Following an elimination diet like The Myers Way® or another AIP protocol might have you feeling your menu options are limited. Let me reassure you that you can still indulge in some tasty desserts! This Skillet Brownie recipe is a perfect example of how you can enjoy a sweet treat while still repairing your gut and lowering inflammation. 

These AIP brownies closely adhere to the strict guidelines in The Myers Way® and other autoimmune protocol (AIP) diets. Remember, AIP is a type of elimination diet that aims to reduce your autoimmune systems by removing inflammatory and toxic foods from the body. As you heal, it becomes a lifestyle that empowers you to enjoy better health!

If you’ve never made a skillet brownie, you’re going to love this fun way of baking brownies. Instead of baking brownies in a square pan, you bake them in a round cast-iron skillet. It’s healthier due to the gluten-free flour mix and unrefined sugars.
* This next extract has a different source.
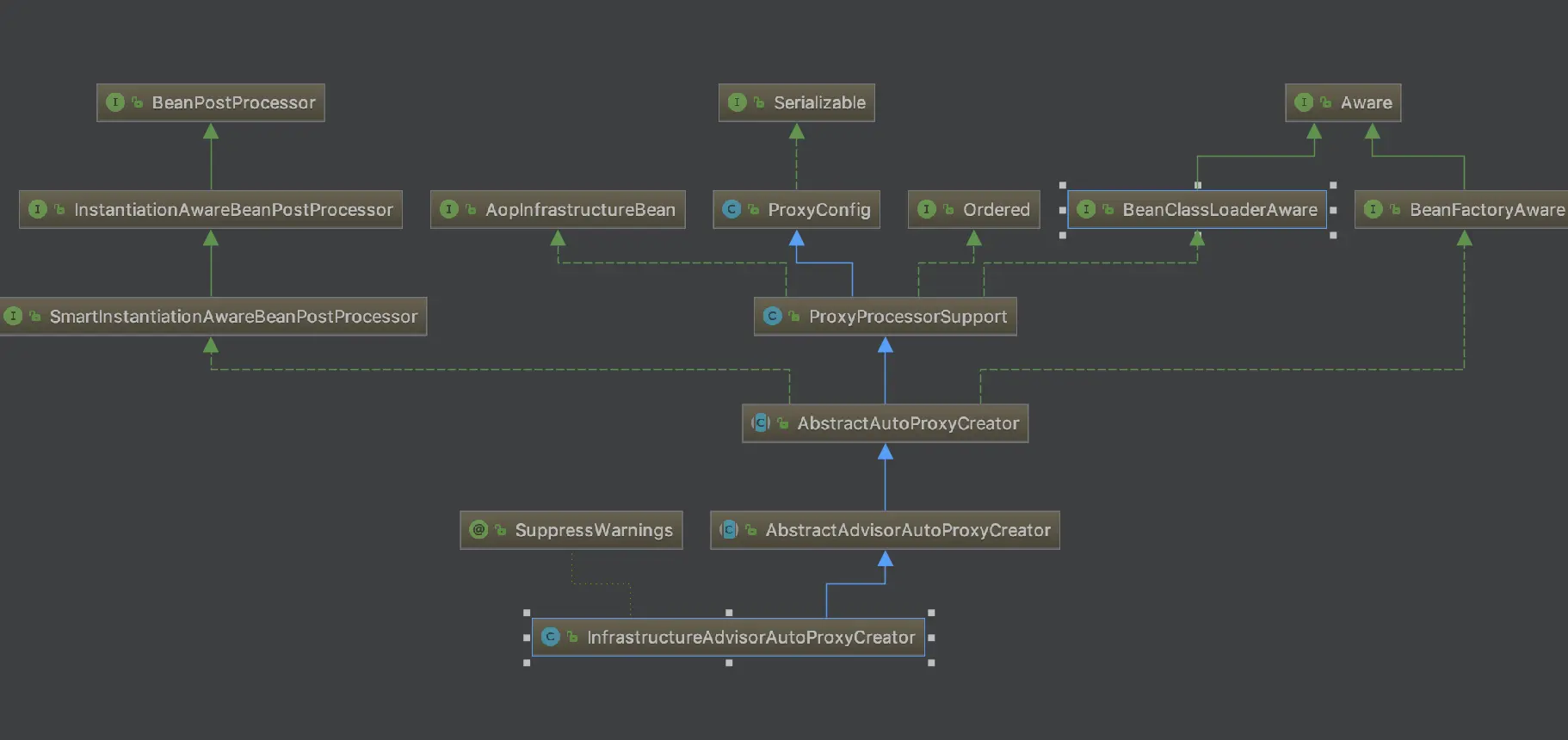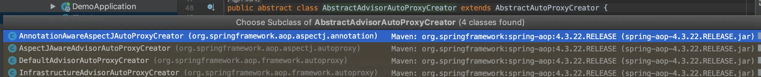 - 在AopConfigUtils可以看到具体会生成什么类型的AutoProxyCreator,这几个都是beanPostProcessor,在Bean创建之后对Bean的实例进行自定义处理。如果使用了@EnableTransactionManagement,经过一些配置这次生成的是InfrastructureAdvisorAutoProxyCreator,具体如何生成这个类的点进去@EnableTransactionManagement里面即可。

It’s so good served warm with Raspberry Collagen Ice Cream!


To serve skillet brownies, you will slice them into wedges instead of squares. 

Before dishing them out, allow them to cool for just a few minutes. Serve them warm, preferably with a scoop or AIP dairy-free ice cream on top. If you cannot find dairy-free, AIP friendly ice cream in stores, you can easily make some following this recipe for Raspberry Collagen Ice Cream. Chocolate and raspberry already go great together, and now you can enjoy beautiful skin and hair knowing you’re getting an extra boost of collagen protein.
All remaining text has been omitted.